The bluespotted cornetfish grows to a length of 1.6 m, but the average is around 1 m. It is notable for its unusually long, slender body shape. It has a tubular snout, large eyes, and a long tail filament lined with sensory pores that may help with detecting prey. Its body is tinted blue- to greenish-grey with two thin blue stripes or lines of dots on the back and lighter on the front. Its body pattern changes to a broad-banded pattern at night for camouflage.

==Biology==
The bluespotted cornetfish is usually a solitary predator, stalking and feeding on small fishes, crustaceans, and squid. Sometimes, they feed in small groups along the bottom on small, bottom-dwelling fish, which their long snouts are very efficient at sucking up. These fish are adept at feeding on young fish that live in thickets of seagrass meadows (Posidonia oceanica), which can significantly reduce the ability of native fish populations to survive to reproductive adulthood. They can also hover or swim in small schools just below the surface. Reproduction is oviparous. The large eggs hatch and develop outside of the body. Larvae hatch at 6–7 mm.

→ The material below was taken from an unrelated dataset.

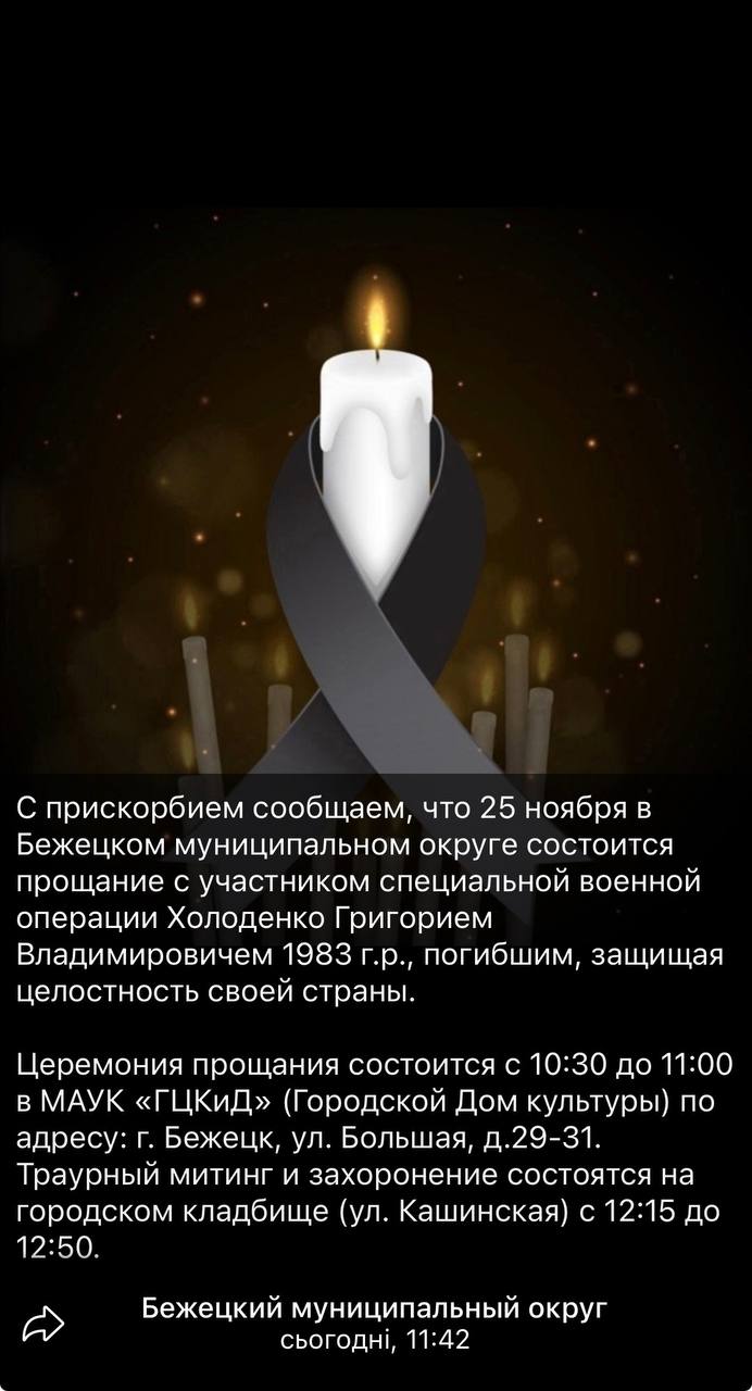 Дата сообщения о гибели:
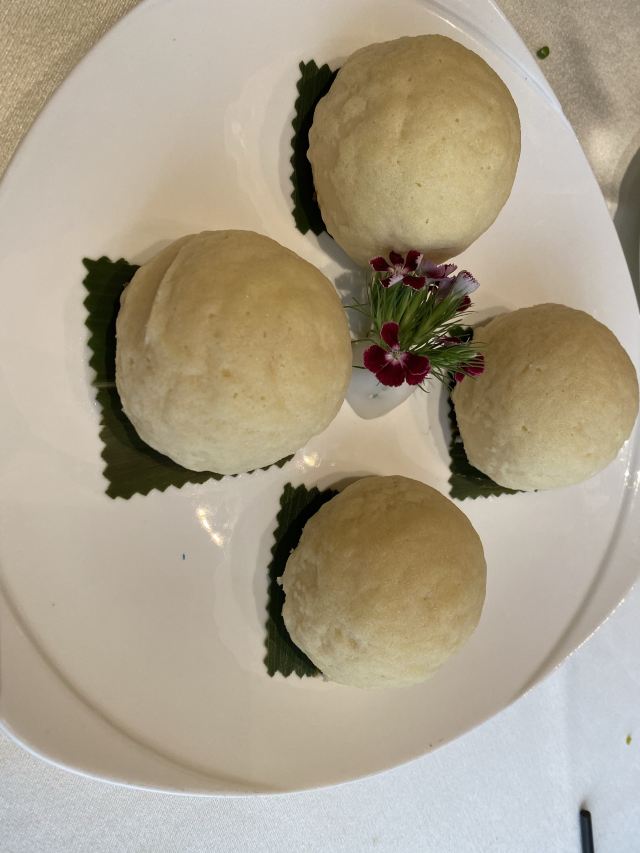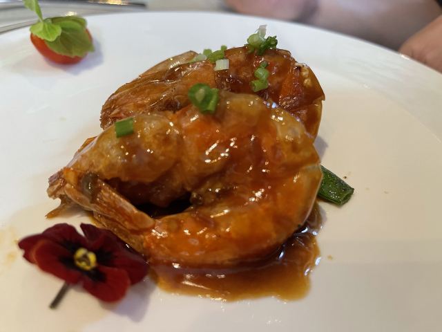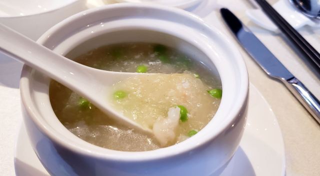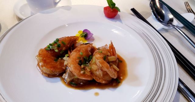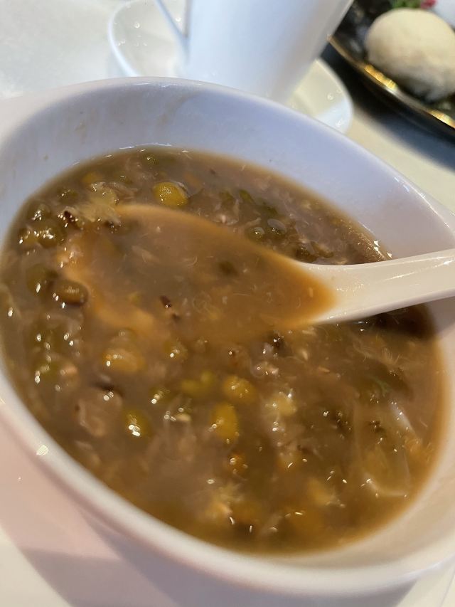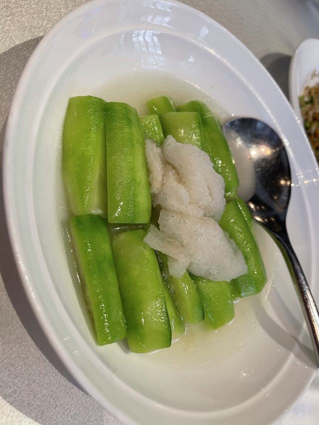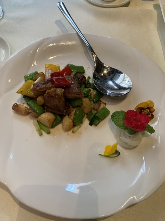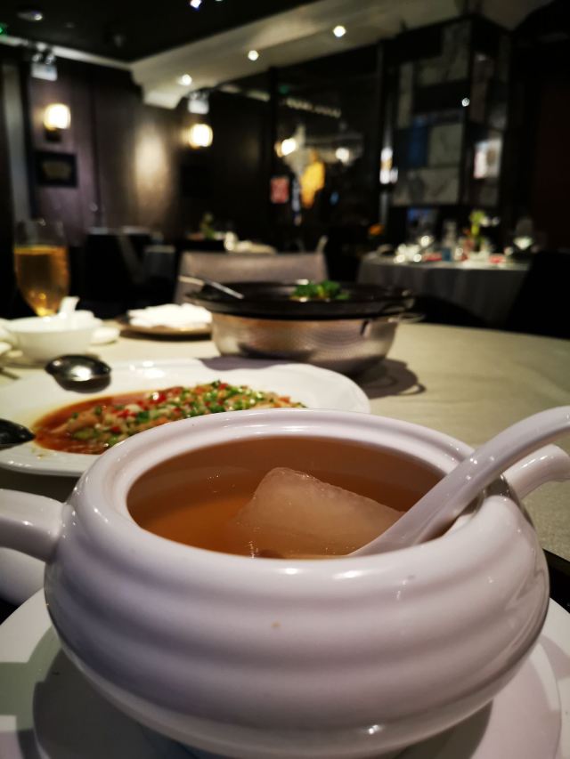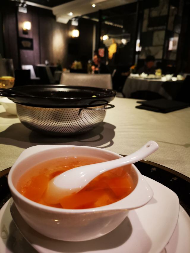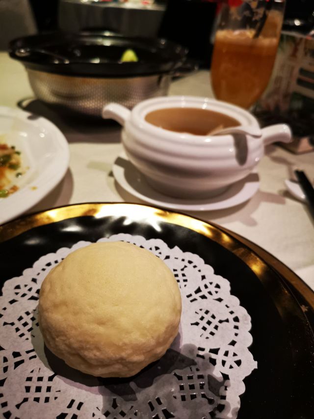 蒜头JEWEL团了很久的套餐终于去拔草了。 位置:外滩5号,如果不赶时间吃完可以外滩走走,很舒服。 菜品:虽然是套餐,但是丝毫没有拉低菜品质量。 冬茸海皇羹 很鲜。瑶柱仙贝虾肉都是小颗的混合在汤里,很好喝。而且吃完嘴巴没有很干 应该是食材本身的鲜。 雪花牛肉粒:最好吃的一道菜 牛肉粒非常嫩 油脂配比非常完美,配菜也都很好吃。 美极海中虾:虾身体的味道可以,虾头部分太咸,一口下去要喝点水压压。[笑哭] 胜瓜:清淡口 无亮点 炒饭:稍微有点油 流沙包:点心加分了回来,皮薄流沙多,口感细腻。 绿豆沙:无亮点。 服务:要特别提一下。服务员都很拎得清,手脚快添水换盘子的。赠送的水果本来里面是枣子,和服务员说了过季节了很老,很快换了份新。很感谢!

Bacteria living in the mucus on the skin of the bluespotted cornetfish may allow it to glide more easily through salt water.

Parasites that live in bluespotted cornetfish continue to thrive in their hosts even as they colonise non-native locations. This contradicts the prevailing theory, called enemy release hypothesis, that parasites would not be able to survive in hosts as they encounter new marine territory. The presence of introduced parasites affects not only Fistularia commersonii, but also other fish and marine animals in their native habitats.

==Human relevance==
The fish is of minor importance commercially, mostly being sold as fish meal, but also fresh and preserved. It is also sold as an aquarium fish.

==Name==
The specific name honours French botanist Philibert Commerson (1727-1773).